This is a python code package related to the following article: S.Imran et al., "Environment Semantic Aided Communication: A Real World Demonstration for Beam Prediction", arXiv:2302.06736
Millimeter-wave (mmWave) and terahertz (THz) communication systems adopt large antenna arrays to ensure adequate receive signal power. However, adjusting the narrow beams of these antenna arrays typically incurs high beam training overhead that scales with the number of antennas. Recently proposed vision-aided beam prediction solutions, which utilize raw RGB images captured at the basestation to predict the optimal beams, have shown initial promising results. However, they still have a considerable computational complexity, limiting their adoption in the real world. To address these challenges, this paper focuses on developing and comparing various approaches that extract lightweight semantic information from the visual data. The results show that the proposed solutions can significantly decrease the computational requirements while achieving similar beam prediction accuracy compared to the previously proposed vision-aided solutions.
The scripts for generating the results of the ML solutions in the paper. This script adopts Scenario 5 and Scenario 7 of DeepSense6G dataset. To reproduce the results, please follow these steps:
Downloading Dataset and Code
- Download Scenario 5 and Scenario 7 of Deepsense6G dataset.
- Download (or clone) the repository into a directory.
- Extract the dataset into the repository directory
Generating Development Dataset
- To generate the bounding boxes and masks from MobileNet, run 'MobilNet_mask_generation.ipynb' and 'MobileNet_bbox_generation.ipynb'.
- To generate the bounding boxes and masks from Yolov7, run'Yolov7_bbox_and_masks_generating_code.ipynb'.
ML Models Training
- Run main_beam.py/main_pos_beam.py files for Scenario 5/Scenario 7 in the semantic_mask_bbox_code folder.
- Run 'Yolov7_Masks_to_beam_prediction.ipynb' in the YOLOv7 masks_to_beam_pred folder.
ML Models Testing
- Run the eval_main_beam.py/eval_main_pos_beam.py codes in the semantic_mask_bbox_code folder with the checkpoint obtained from the training code.

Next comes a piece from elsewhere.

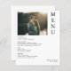 Celebra a tu boda con estilo con este menú Boda de fotos para parejas amigables con el presupuesto! Con un diseño moderno que incluye fotos, este menú añade un encanto de temporada a su recepción, mientras mantiene los costos a un precio asequible. Características: - Hermoso diseño fotográfico - perfecto para cualquier ceremonia boda - Elegantes fuentes modernas - elegantes pero fáciles de leer - personalizable completo - personaliza con tus artículos de menú, nombres de pareja y fecha boda. Este menú es perfecto para todo tipo de eventos bodas, este económico pero elegante menú nupcial le da un toque acogedor y festivo a su día especial.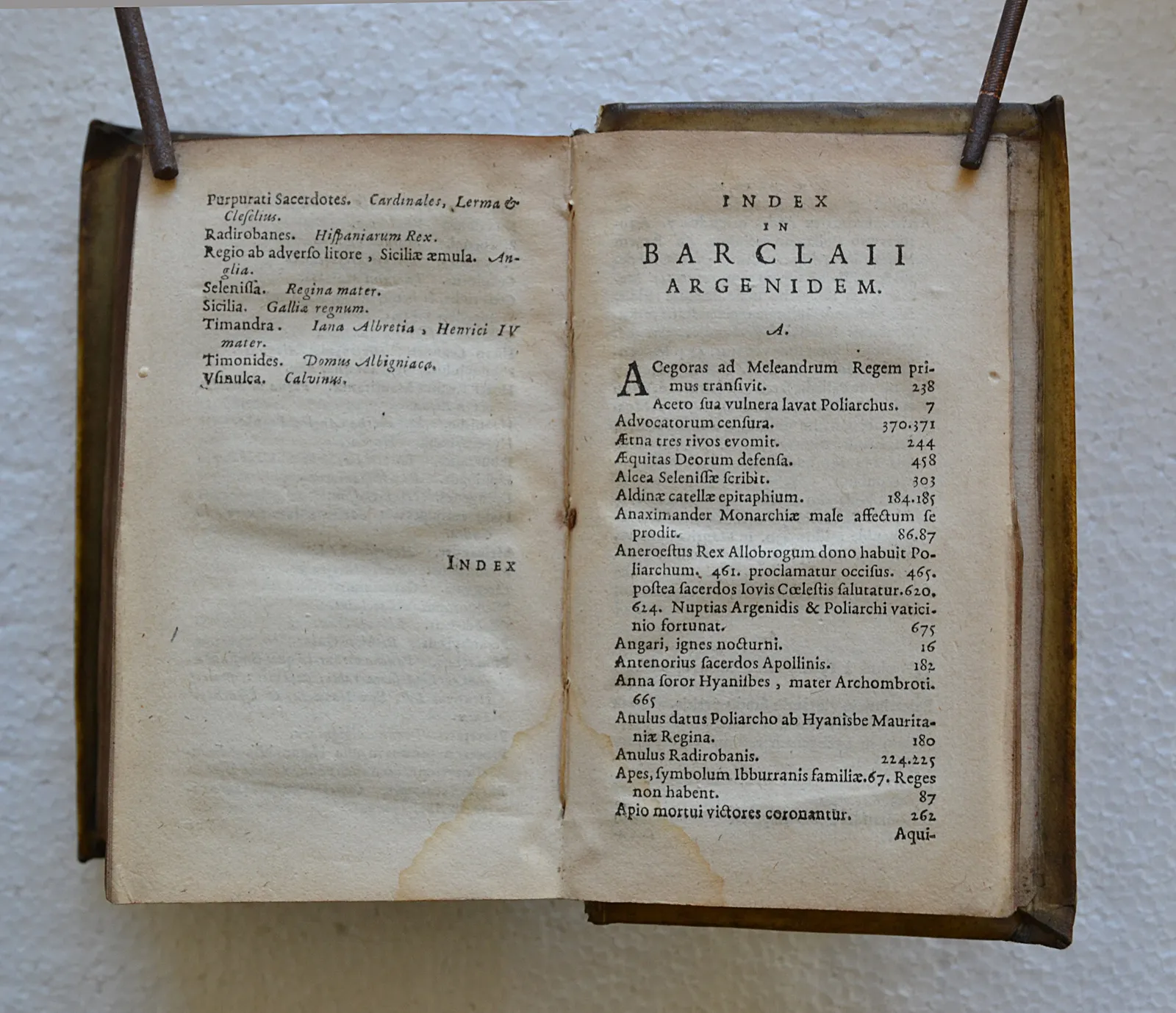 Vélin ivoire rigide d'origine à rabats, impression elzévirienne de Leyde de 1630, roman allégorique en latin estimé par Richelieu, avec clef des personnages.

- Run 'Eval_Yolov7_Masks_to_beam_prediction.ipynb' in the YOLOv7 masks_to_beam_pred folder with the checkpoint obtained from the training code.
Reproducing Results
- Run the eval_main_beam.py/eval_main_pos_beam.py codes with the checkpoints provided in the semantic_mask_bbox_code folder.
- Run 'Eval_Yolov7_Masks_to_beam_prediction.ipynb' with the checkpoint provided in the YOLOv7 masks_to_beam_pred folder.
This code package is licensed under a Creative Commons Attribution-NonCommercial-ShareAlike 4.0 International License. If you in any way use this code for research that results in publications, please cite our original article:
S. Imran, G. Charan and A. Alkhateeb. “Environment Semantic Aided Communication: A Real World Demonstration for Beam Prediction.” arXiv preprint arXiv:2302.06736 (2023).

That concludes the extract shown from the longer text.